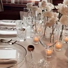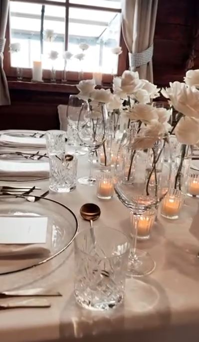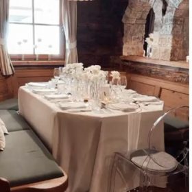 Der Veranstaltungsort, eine Alm in den Bergen, ist im alpenländischen Stil gebaut. Mit schönen alten Holzbalken, einer herrlichen Terrasse mit wunderbarem Ausblick in die Berge und dazu prasselndes Kaminfeuer. Eine Athmosphäre zum Wohlfühlen! Mit unserem Dekorationskonzept haben wir die Alm so verwandelt, wie es noch keiner vor uns gemacht hat: die elegante Tischdekoration mit Platztellern mit Goldrand, goldenem Besteck, eleganten Leinenservietten und den schönen Teelichtgläsern Kristall.
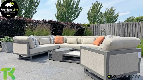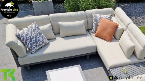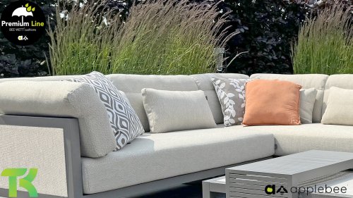 Apple Bee Santorini Lounge: Wanneer je houdt van een strakke en kubistische loungeset, maar niets wilt inleveren op eigenzinnigheid… zie hier, de Santorini! Een strak, aluminium vierkant buisframe, gepoedercoat in warm taupe. Deze set is er in twee uitvoeringen. Het verschil zit in de panelen in de armen en de rug, die door het frame als een schilderij omlijst lijken te worden. Bij de eerste uitvoering is het paneel met prachtig gemêleerd rope omwikkeld. Hierdoor houdt de set luchtigheid met een eigentijdse look. De andere uitvoering heeft gestoffeerde panelen in de zelfde stof als de kussens. Hierdoor krijgt de set direct meer klasse en luxe.
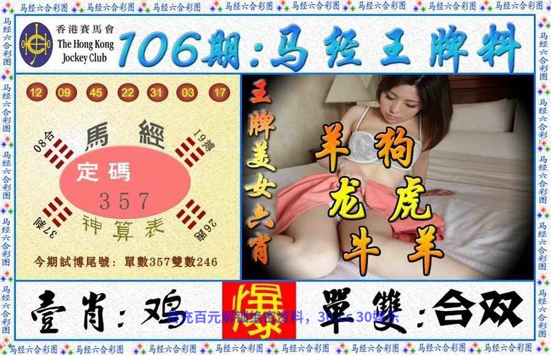 109期:六合三怪/内部平特诀/独家六合玄机/六合对诀/波色输尽光
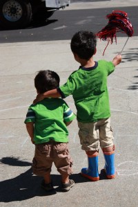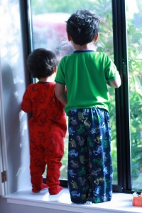 The boys start to hear the sound of the big trucks outside (our street is being repaved)…they are completely captivated:
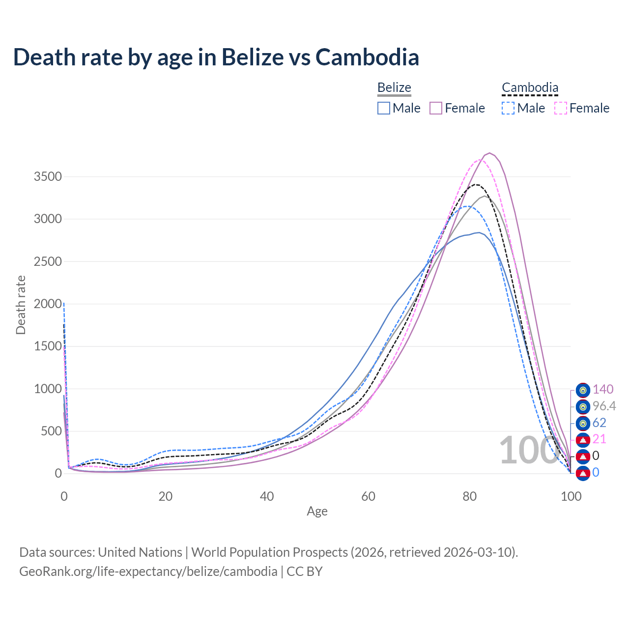 In Belize, the most common age of death is 83, compared to 81 in Cambodia. The median age of death is 77.5 in Belize and 76.5 in Cambodia, meaning only half of each cohort is expected to live past that age.
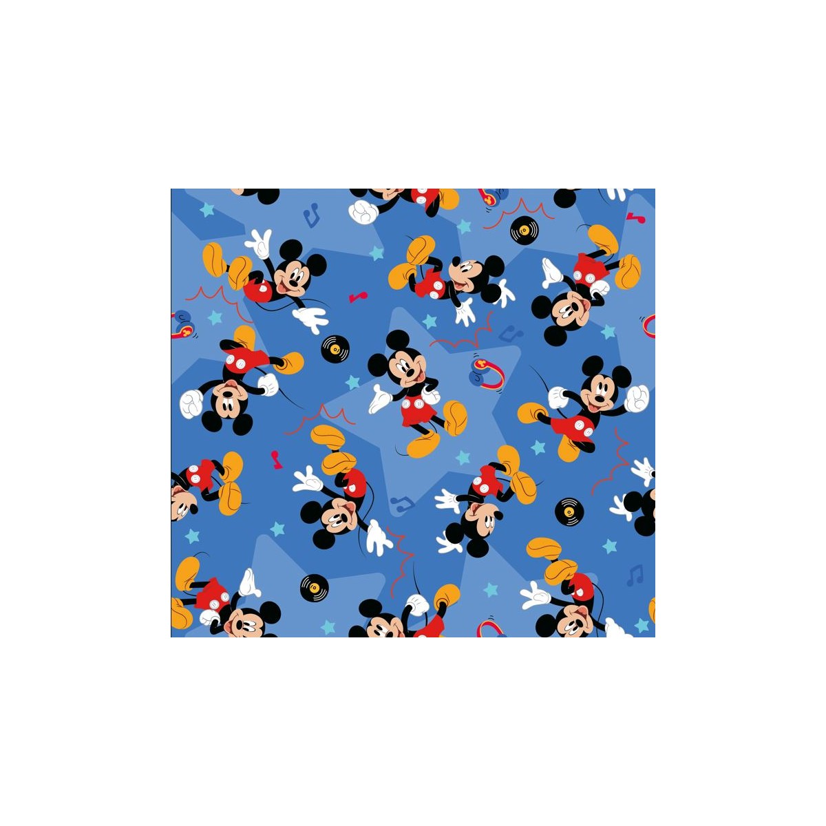 67909 TEJIDO ESTAMPADO MICKEY PARTY (00) 1.40 M. 130 GR/M2 ALGODON 100% AZUL Venta en piezas de 6.00 M
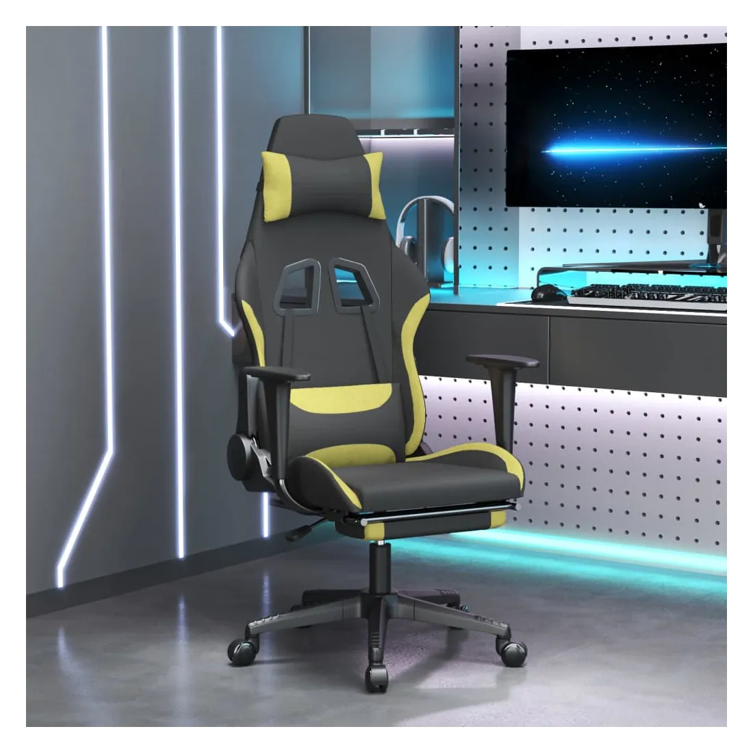 Profitez de cette chaise de jeu unique et améliorez votre expérience de jeu avec confort ! Tissu durable : le tissu présente un aspect simple et épuré, et il est respirant et durable.Dossier et hauteur réglables : il est spécialement conçu avec une fonction d'inclinaison afin que vous puissiez régler le dossier et le repose-pied selon votre confort. Utilisez le levier pour régler la hauteur de votre siège à votre convenance.Design pratique : le design pivotant à 360 degrés permet une plus grande amplitude de mouvement. De plus, il est pratique de le déplacer avec des roulettes.Cadre robuste et stable : les cadres en métal et en contreplaqué assurent robustesse et stabilité. Remarque :Chaque produit est livré avec un manuel de montage dans la boîte pour un montage facile.
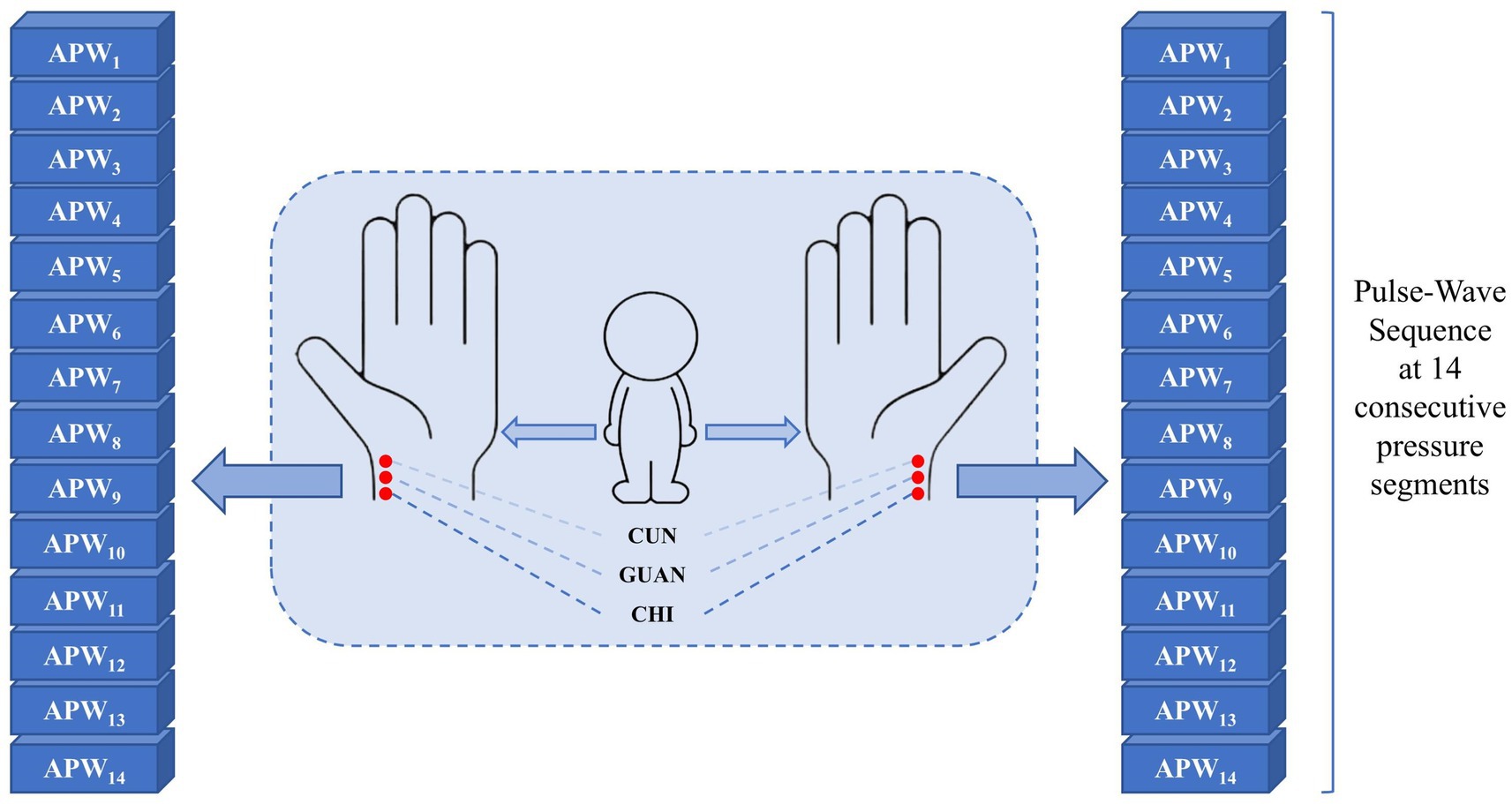 Figure 2. APW signal corresponds to six points (left-cun, left-guan, left-chi, right-cun, right-guan, and right-chi) under 14 step-pressure gradients ranging from 10 to 140 mmHg at 10 mmHg intervals. The Cun, Guan, and Chi are three distinct TCM points on the medial wrist. The APW signal obtained from each point can, respectively, indicate the functional status of different Zang-fu organs.
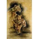 A VICTORIA MacDERMOTT (Irish) hand numbered limited edition print on canvas: "Study of Four Lionesses" One of only 95 Worldwide. Very professionally framed. Note: Supplied with a replacement valuation for £950 along with biographical details on the artist. (Free of charge) condition good.. H: 112cm W: 81cm D: 4cm
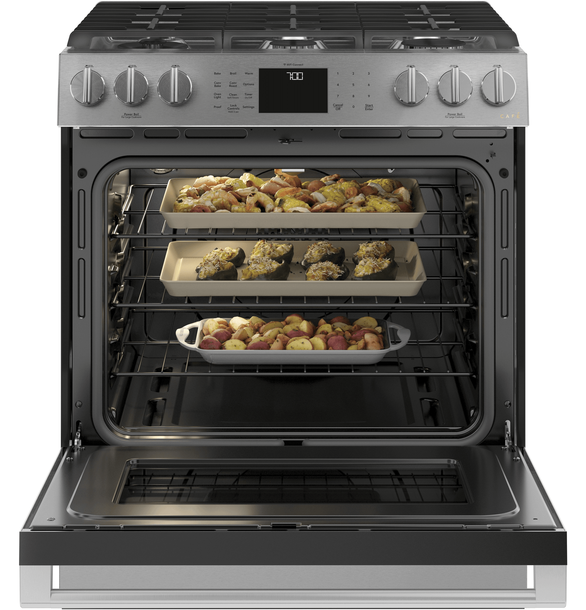 Café™ 30" Smart Slide-In, Front-Control, Gas Range with Convection Oven in Platinum Glass
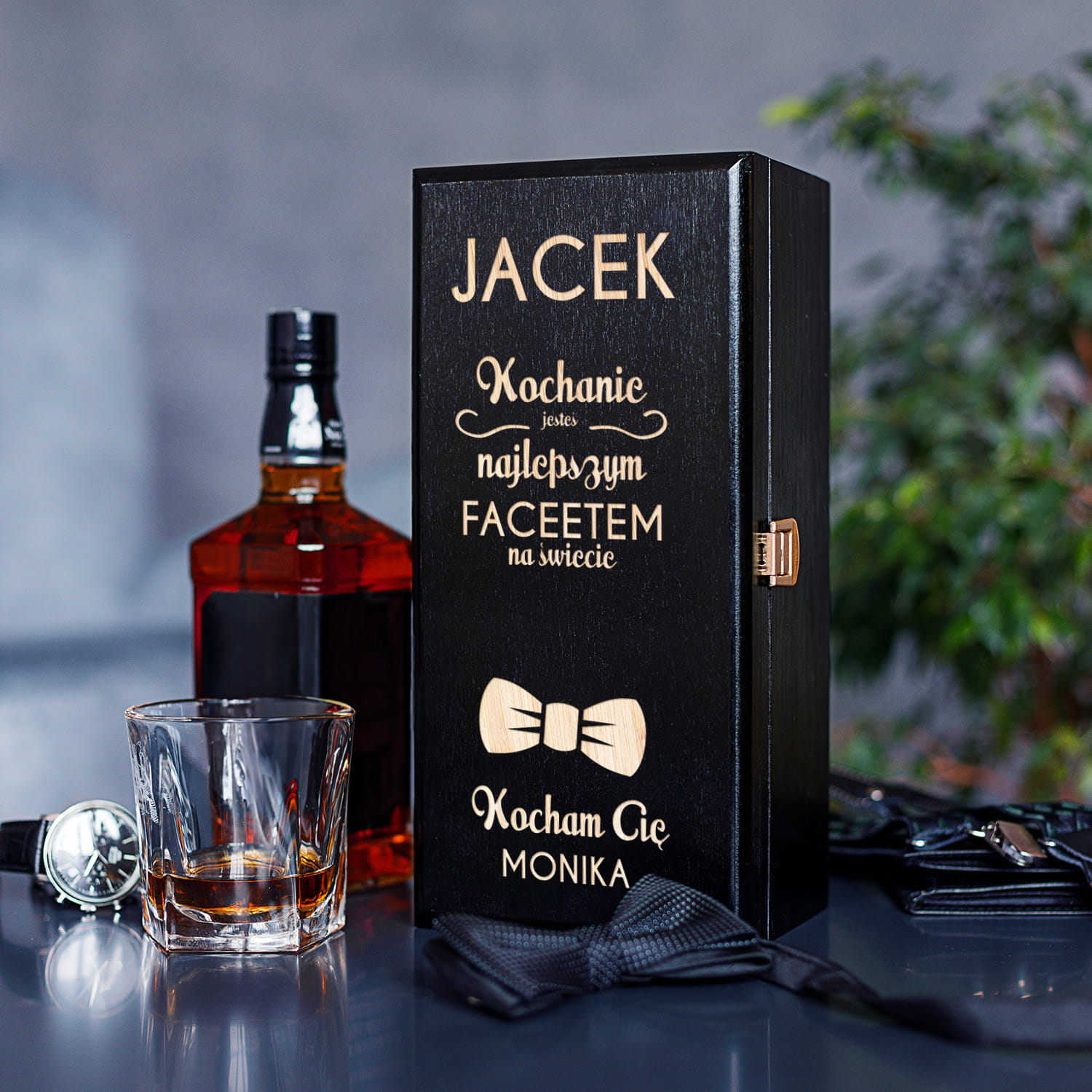 ELEGANCKA SKRZYNKA NA ALKOHOL Z GRAWEREM

**About this task**.
Within the listing above, find the line containing "Apple Bee Santorini" and the line containing "The boys start". Transcribe them and everything between them exactly, leaving out the pictures.

**Output for this task**.
 Apple Bee Santorini Lounge: Wanneer je houdt van een strakke en kubistische loungeset, maar niets wilt inleveren op eigenzinnigheid… zie hier, de Santorini! Een strak, aluminium vierkant buisframe, gepoedercoat in warm taupe. Deze set is er in twee uitvoeringen. Het verschil zit in de panelen in de armen en de rug, die door het frame als een schilderij omlijst lijken te worden. Bij de eerste uitvoering is het paneel met prachtig gemêleerd rope omwikkeld. Hierdoor houdt de set luchtigheid met een eigentijdse look. De andere uitvoering heeft gestoffeerde panelen in de zelfde stof als de kussens. Hierdoor krijgt de set direct meer klasse en luxe.
 109期:六合三怪/内部平特诀/独家六合玄机/六合对诀/波色输尽光
 The boys start to hear the sound of the big trucks outside (our street is being repaved)…they are completely captivated:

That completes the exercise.